History of the United States (Complete)

By Elisha Benjamin Andrews

  • Release Date: 2023-08-15
  • Genre: U.S. History

Description

Man made his appearance on the western continent unnumbered ages ago, not unlikely before the close of the glacial period. It is possible that human life began in Asia and western North America sooner than on either shore of the Atlantic. Nothing wholly forbids the belief that America was even the cradle of the race, or one of several cradles, though most scientific writers prefer the view that our species came hither from Asia. De Nadaillac judges it probable that the ocean was thus crossed not at Behring Strait alone, but along a belt of equatorial islands as well. We may think of successive waves of such immigration--perhaps the easiest way to account for certain differences among American races.
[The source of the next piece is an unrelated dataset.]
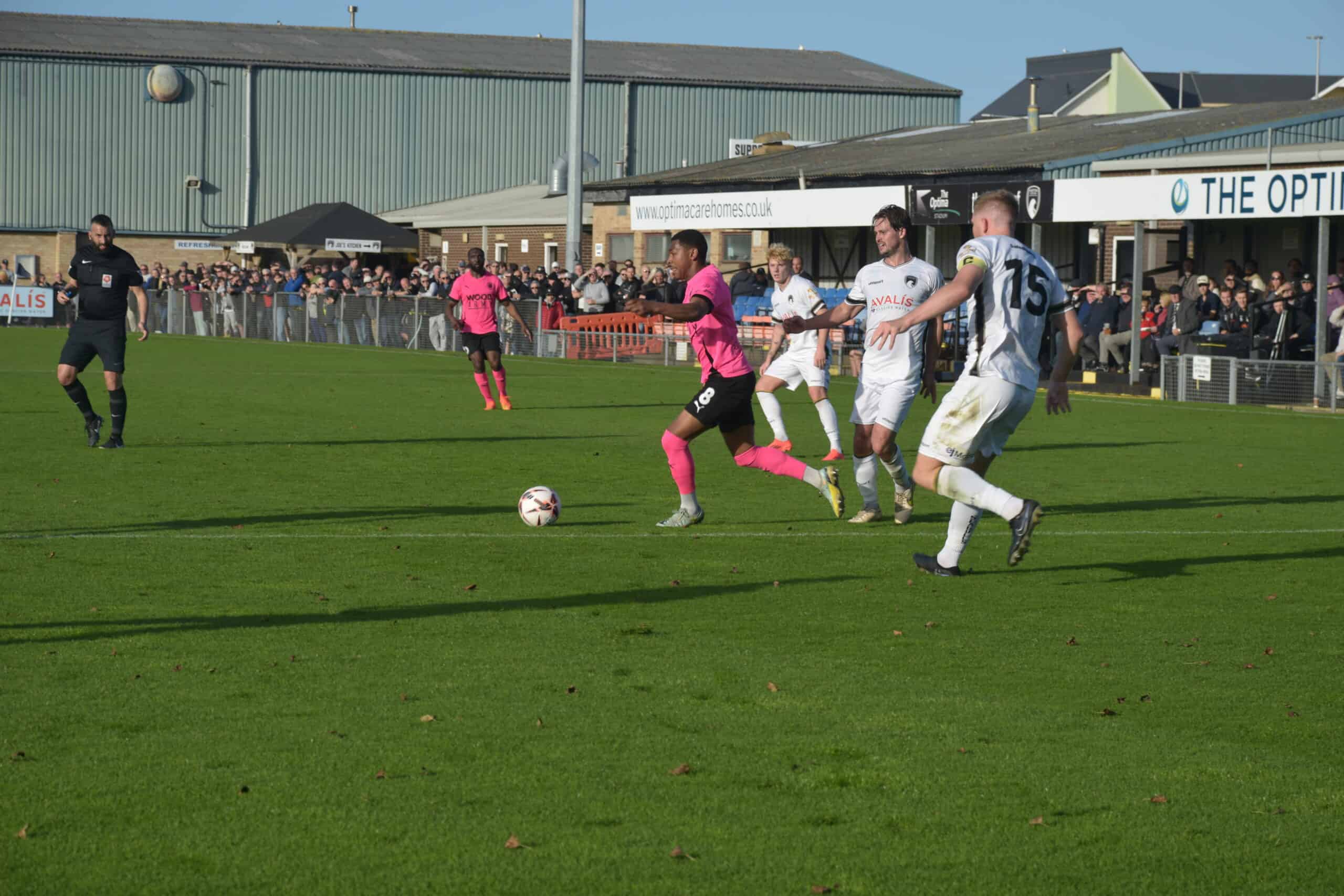 After 19 minutes, the hosts should have taken the lead when a lovely flick-on by Luke Coulson played in Sam Pearson, who screwed his shot wide. Wood went straight up the other end, and Cameron Coxe’s effort was well blocked by a Weston defender. On the half-hour mark, a Tom Whelan free kick was headed narrowly wide by O’Connell. Five minutes later, a Pearson pass picked out Jacob Cane, but he fired just wide of Nathan Ashmore’s goal.

It is, at any rate, an error to speak of the primordial Americans as derived from any Asiatic stock at present existing or known to history. The old Americans had scarcely an Asiatic feature. Their habits and customs were emphatically peculiar to themselves. Those in which they agreed with the trans-Pacific populations, such as fashion of weapons and of fortifications, elements of folk-lore, religious ideas, traditions of a flood, belief in the destruction of the world by fire, and so on, are nearly all found the world over, the spontaneous creations of our common human intelligence. The original American peoples, various and unlike as they were, agreed in four traits, three of them physical, one mental, which mark them off as in all likelihood primarily of one stock after all, and as different from any Old World men: (1) They had low, retreating foreheads. (2) Their hair was black. (3) It was also of a peculiar texture, lank, and cylindrical in section, never wavy. And (4) their languages were polysynthetic, forming a class apart from all others in the world. The peoples of America, if from Asia, must date back to a time when speech itself was in its infancy.